_To do_
Reproduce the data in full, exactly as given, leaving images out.

[Data items]

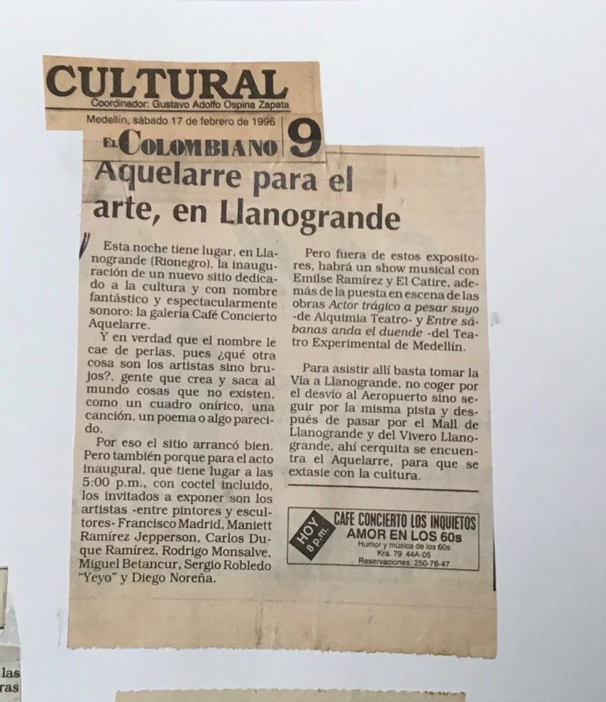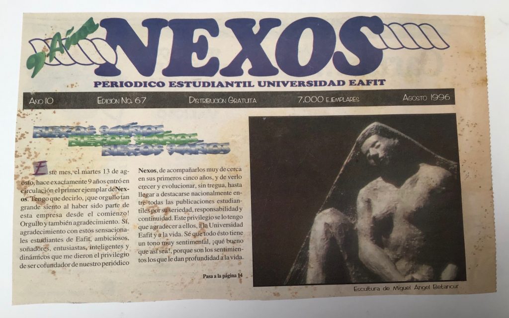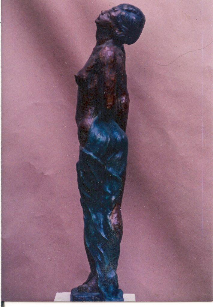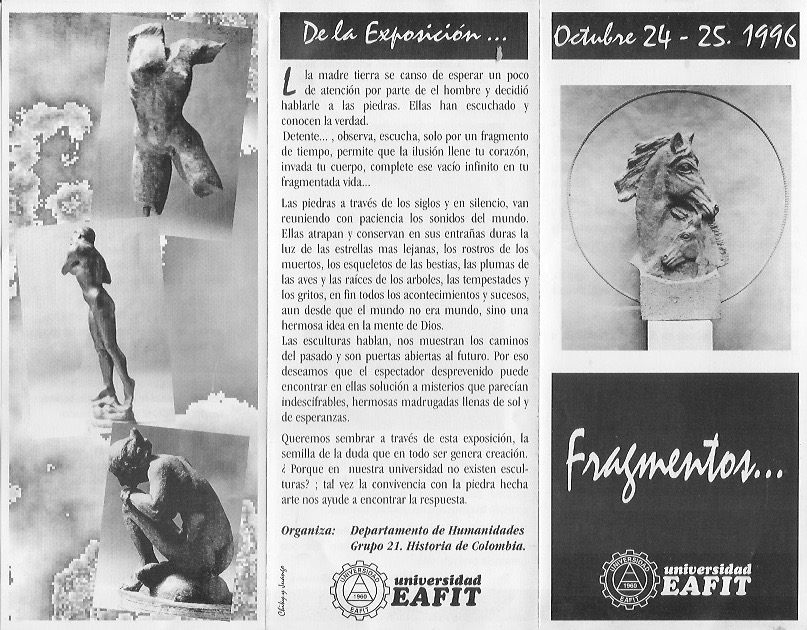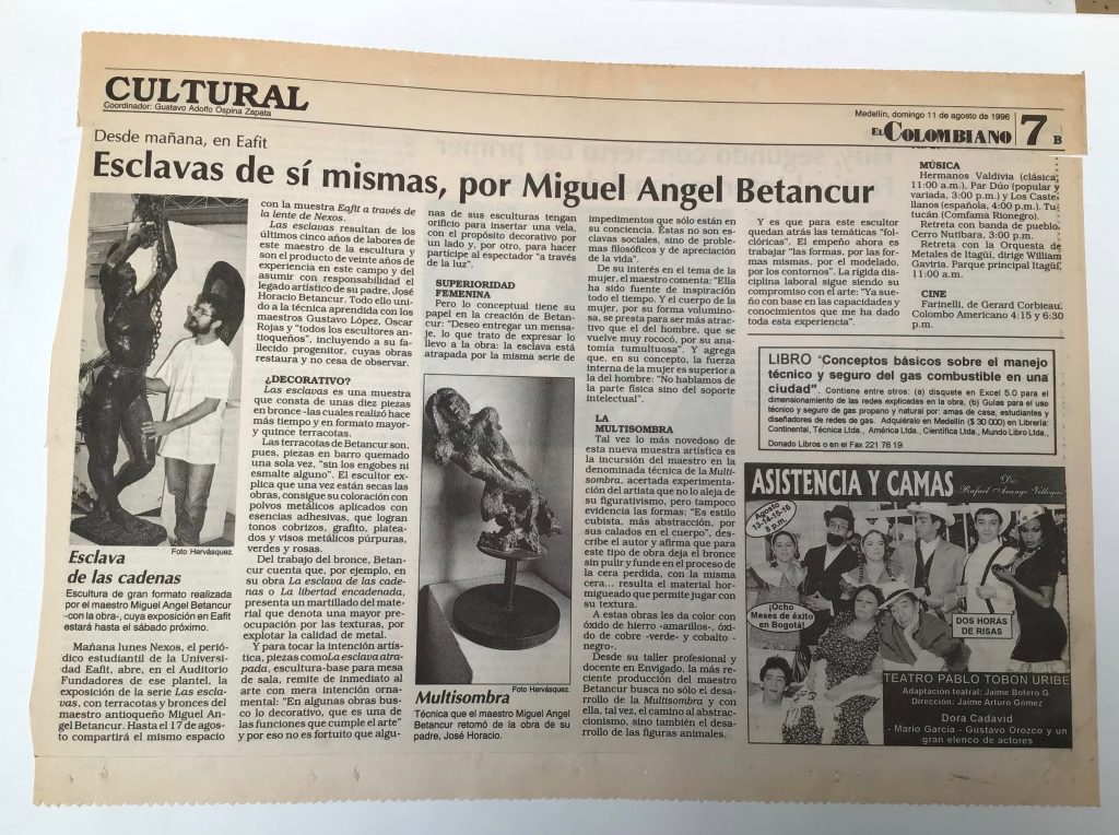 En el año de 1996 llevé mis esculturas a los corredores de la Universidad EAFIT con una muestra denominada “Fragmentos” y luego llevé al Auditorio Fundadores de la misma Universidad la exposición denominada “Las esclavas” la muestra consistía en una serie de 10 esclavas en bronce martillado de formato grande y 15 esculturas en terracota de pequeño formato.
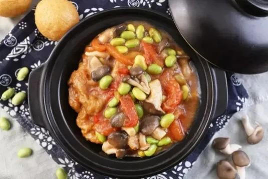 什蔬面筋煲 -材 料-莲藕、油面筋番茄、毛豆平菇、水淀粉油、盐、生抽
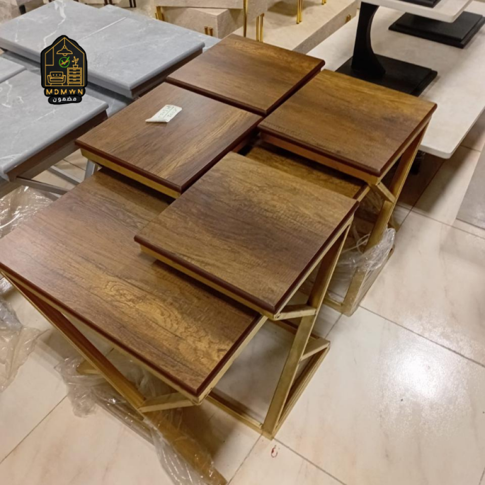 عيش فخامة الخشب مع طقم الطاولات بتفصیل من خشب MDF يمنح المكان أصالة وأناقة راقية في كل زاوية! السطح بتصميم يحاكي بديل الرخام بخشب طبيعي، يضيف دفء وجمال للمجلس أو المكتب. الأرجل المعدنية بتفصيل بديل الحجر تعطيك ثبات لا يعلى عليه وأناقة عصرية تفتح النفس. كل جملة فيها خشب MDF، وبديل الرخام، وبديل الحجر… يعني قوة الجذور وجمال الحجر بلمسة حديثة. الطقم المربع عملي ويناسب كل الديكورات، يخلي المكان أرقى وأهدى!
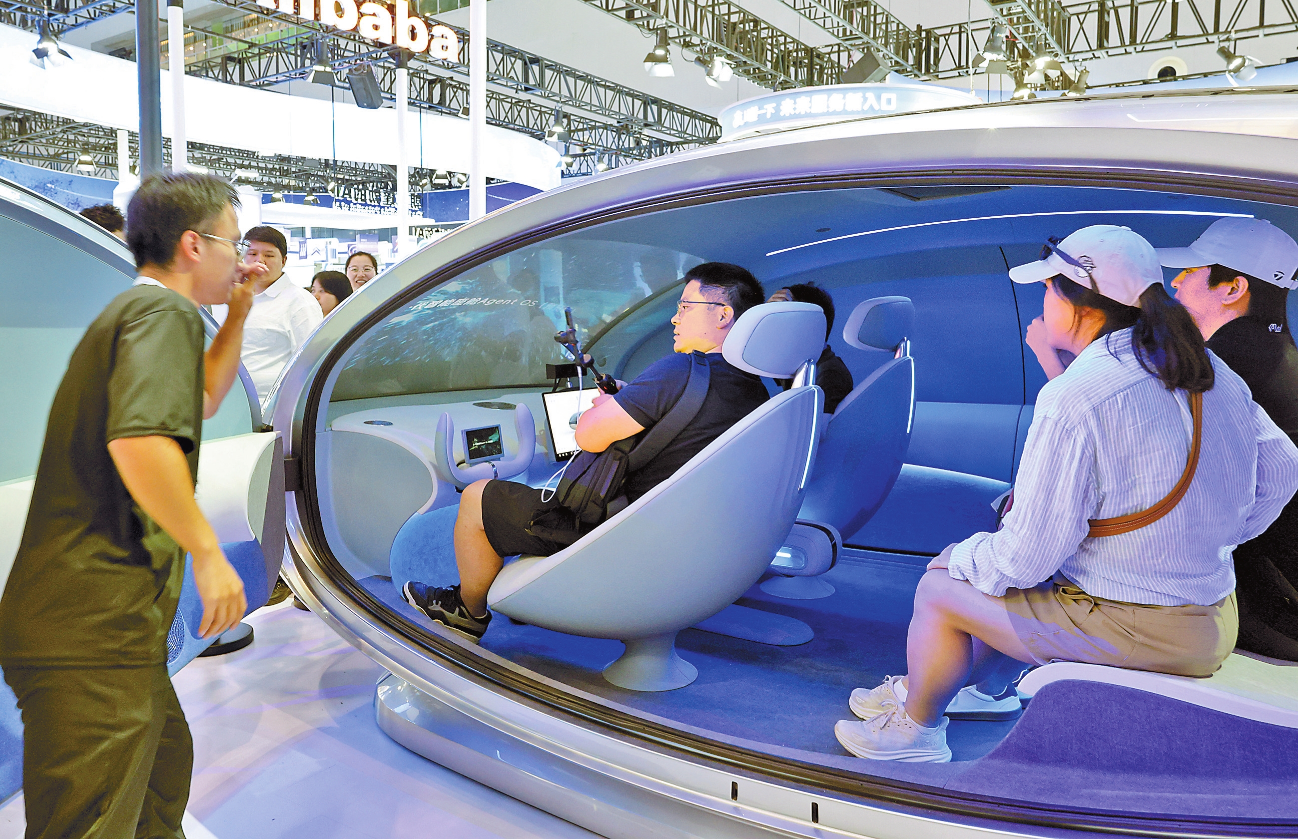 7月27日,参观者在体验乘坐一款基于阶跃星辰大模型打造的未来座舱。正在上海举行的2025世界人工智能大会展览现场,参观者与能分拣物品打扫房间的机器人、具备拍摄导航语音翻译功能的智能眼镜、AI艺术创作系统、基于AI大模型打造的驾驶座舱等众多AI科技前沿产品零距离互动,仿佛置身未来世界,感受科技之美。 新华社记者 方喆 摄
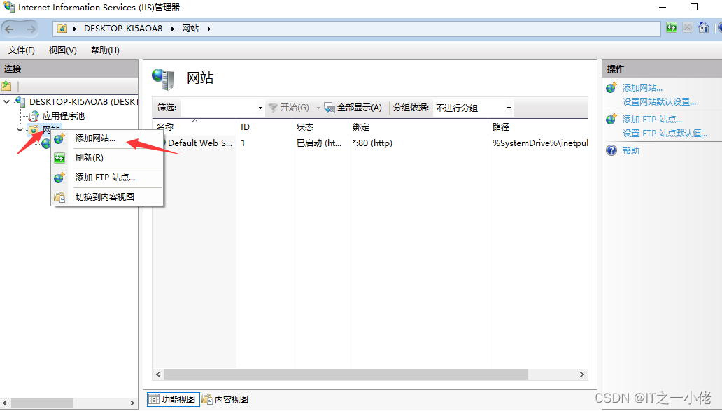 注意:一个服务器发布网站时可以同一个端口号不同的IP地址,也可以同一个IP地址不同的端口号,一般选择后者。
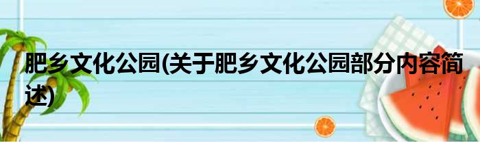 肥乡文化公园(关于肥乡文化公园部分内容简述)
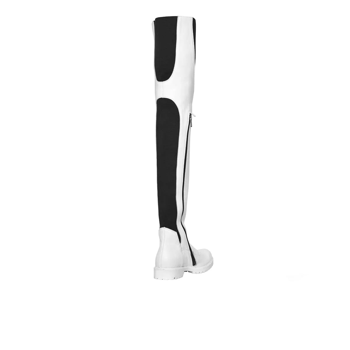 Ботфорты из натуральной кожи с эластичной резинкой в области икр, колена и задней части бедра. Застежка молния, рельефна подошва из износостойкого материала ТЭП.
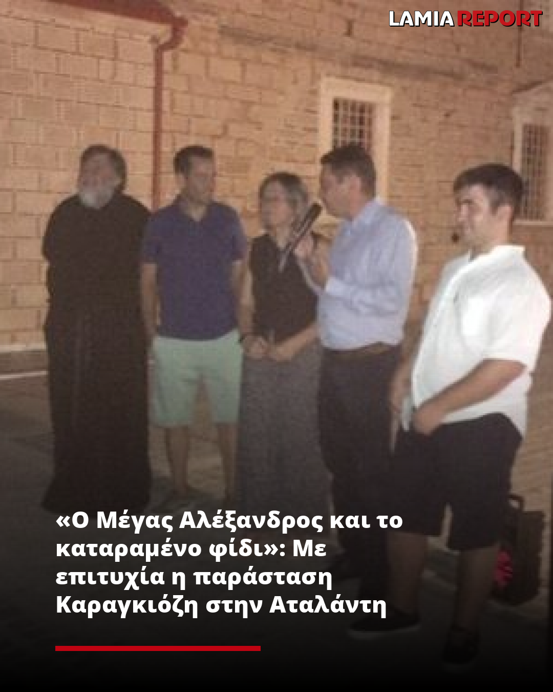 Με επιτυχία πραγματοποιήθηκε η παράσταση του Θεάτρου Σκιών Σουλτανόπουλου «Ο Μέγας Αλέξανδρος και το καταραμένο φίδι», σε συνδιοργάνωση του Δήμου Λοκρών, της Αιαντείου Δημόσιας Βιβλιοθήκης Αταλάντης και του Ιερού Μητροπολιτικού Ναού Αγίων Θεοδώρων Αταλάντης την Κυριακή 18 Αυγούστου 2025 στην Πλατεία Δημαρχείου Αταλάντης στις 21:00.
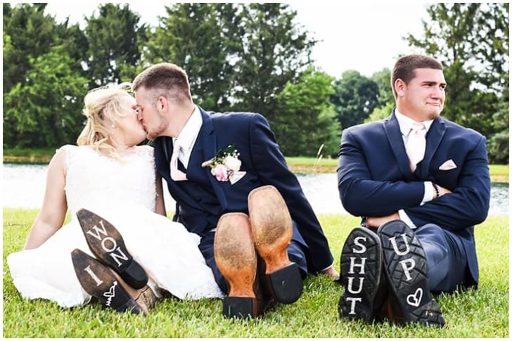 Innan den bästa vännen finner kvinnan i sitt liv, är det du som är en allra bästa vännen för honom, och betyder allting i världen. Så att de uppstår alla typer av känslor på ett bröllop är inte alls konstigt. I den här bilden kan vi tydligt se att det istället var bruden och inte den bästa vännen som “vann” honom, men åtminstone gjorde de det hela till en rolig grej med sina skor.
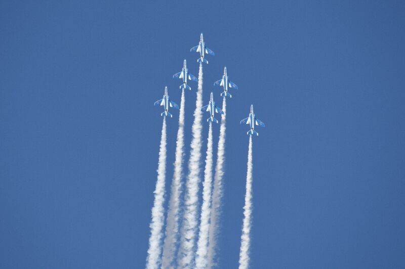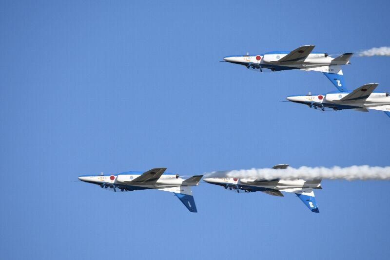 11/3 入間航空祭 T4ブルーインパルス今日は天気も回復したので、入間航空祭に参加! 隣接駅まで車で移動して入間基地に! 他の航空機はおまけ編にてで、ひとまずT4ブルーインパルスの アクロバット飛行の写真を列記します。 展示のブルーインパルスを撮るのも一苦労、陣取っている人は 動きません。後ろにはCH-47Jの姿も。 色々な形態でスモーク飛行です! 背面飛行は凄い! 編成を整えての飛行間隔は凄いです。 トルネードや円は残スモークが綺麗でした。 ハートや星も描いてくれました。 僅か1週間弱で、陸海空の乗り物を撮ることが出来ました。
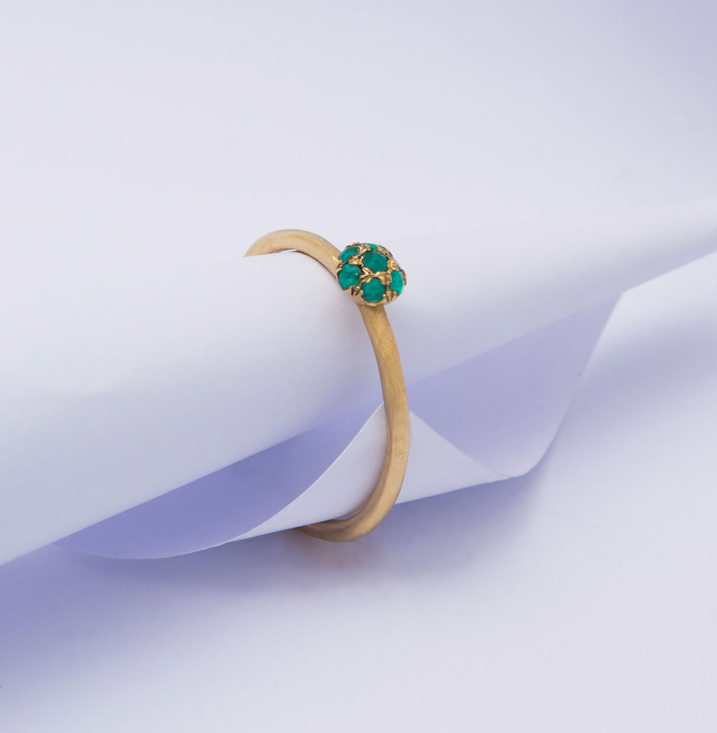 Home טבעות טבעת זהב כדור משובץ 7 אמרלדים
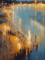 Betreed een abstracte dimensie waar kleuren dansen en vormen harmoniëren. Dit kunstwerk is geïnspireerd door een bruisende boulevard en zonovergoten strand.
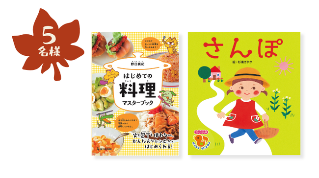 ワン・パブリッシングから『はじめての料理マスターブック』、ASOPPA!から『さんぽ』(フレーベル館)をセットにしてプレゼント! 6歳くらいまでのお子さんにぴったりのスペシャルセットで、家族みんなが楽しめること間違いなし!
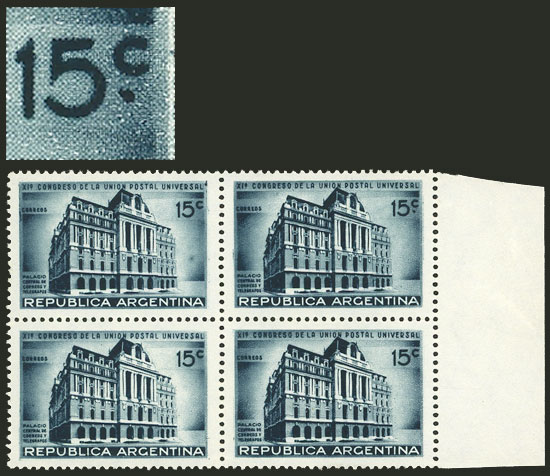 15c. UPU Congress, block of 4, one with variety: "15c." with period (MNH), sheet margin, VF (Image)

_Solution below_
 En el año de 1996 llevé mis esculturas a los corredores de la Universidad EAFIT con una muestra denominada “Fragmentos” y luego llevé al Auditorio Fundadores de la misma Universidad la exposición denominada “Las esclavas” la muestra consistía en una serie de 10 esclavas en bronce martillado de formato grande y 15 esculturas en terracota de pequeño formato.
 什蔬面筋煲 -材 料-莲藕、油面筋番茄、毛豆平菇、水淀粉油、盐、生抽
 عيش فخامة الخشب مع طقم الطاولات بتفصیل من خشب MDF يمنح المكان أصالة وأناقة راقية في كل زاوية! السطح بتصميم يحاكي بديل الرخام بخشب طبيعي، يضيف دفء وجمال للمجلس أو المكتب. الأرجل المعدنية بتفصيل بديل الحجر تعطيك ثبات لا يعلى عليه وأناقة عصرية تفتح النفس. كل جملة فيها خشب MDF، وبديل الرخام، وبديل الحجر… يعني قوة الجذور وجمال الحجر بلمسة حديثة. الطقم المربع عملي ويناسب كل الديكورات، يخلي المكان أرقى وأهدى!
 7月27日,参观者在体验乘坐一款基于阶跃星辰大模型打造的未来座舱。正在上海举行的2025世界人工智能大会展览现场,参观者与能分拣物品打扫房间的机器人、具备拍摄导航语音翻译功能的智能眼镜、AI艺术创作系统、基于AI大模型打造的驾驶座舱等众多AI科技前沿产品零距离互动,仿佛置身未来世界,感受科技之美。 新华社记者 方喆 摄
 注意:一个服务器发布网站时可以同一个端口号不同的IP地址,也可以同一个IP地址不同的端口号,一般选择后者。
 肥乡文化公园(关于肥乡文化公园部分内容简述)
 Ботфорты из натуральной кожи с эластичной резинкой в области икр, колена и задней части бедра. Застежка молния, рельефна подошва из износостойкого материала ТЭП.
 Με επιτυχία πραγματοποιήθηκε η παράσταση του Θεάτρου Σκιών Σουλτανόπουλου «Ο Μέγας Αλέξανδρος και το καταραμένο φίδι», σε συνδιοργάνωση του Δήμου Λοκρών, της Αιαντείου Δημόσιας Βιβλιοθήκης Αταλάντης και του Ιερού Μητροπολιτικού Ναού Αγίων Θεοδώρων Αταλάντης την Κυριακή 18 Αυγούστου 2025 στην Πλατεία Δημαρχείου Αταλάντης στις 21:00.
 Innan den bästa vännen finner kvinnan i sitt liv, är det du som är en allra bästa vännen för honom, och betyder allting i världen. Så att de uppstår alla typer av känslor på ett bröllop är inte alls konstigt. I den här bilden kan vi tydligt se att det istället var bruden och inte den bästa vännen som “vann” honom, men åtminstone gjorde de det hela till en rolig grej med sina skor.
 11/3 入間航空祭 T4ブルーインパルス今日は天気も回復したので、入間航空祭に参加! 隣接駅まで車で移動して入間基地に! 他の航空機はおまけ編にてで、ひとまずT4ブルーインパルスの アクロバット飛行の写真を列記します。 展示のブルーインパルスを撮るのも一苦労、陣取っている人は 動きません。後ろにはCH-47Jの姿も。 色々な形態でスモーク飛行です! 背面飛行は凄い! 編成を整えての飛行間隔は凄いです。 トルネードや円は残スモークが綺麗でした。 ハートや星も描いてくれました。 僅か1週間弱で、陸海空の乗り物を撮ることが出来ました。
 Home טבעות טבעת זהב כדור משובץ 7 אמרלדים
 Betreed een abstracte dimensie waar kleuren dansen en vormen harmoniëren. Dit kunstwerk is geïnspireerd door een bruisende boulevard en zonovergoten strand.
 ワン・パブリッシングから『はじめての料理マスターブック』、ASOPPA!から『さんぽ』(フレーベル館)をセットにしてプレゼント! 6歳くらいまでのお子さんにぴったりのスペシャルセットで、家族みんなが楽しめること間違いなし!
 15c. UPU Congress, block of 4, one with variety: "15c." with period (MNH), sheet margin, VF (Image)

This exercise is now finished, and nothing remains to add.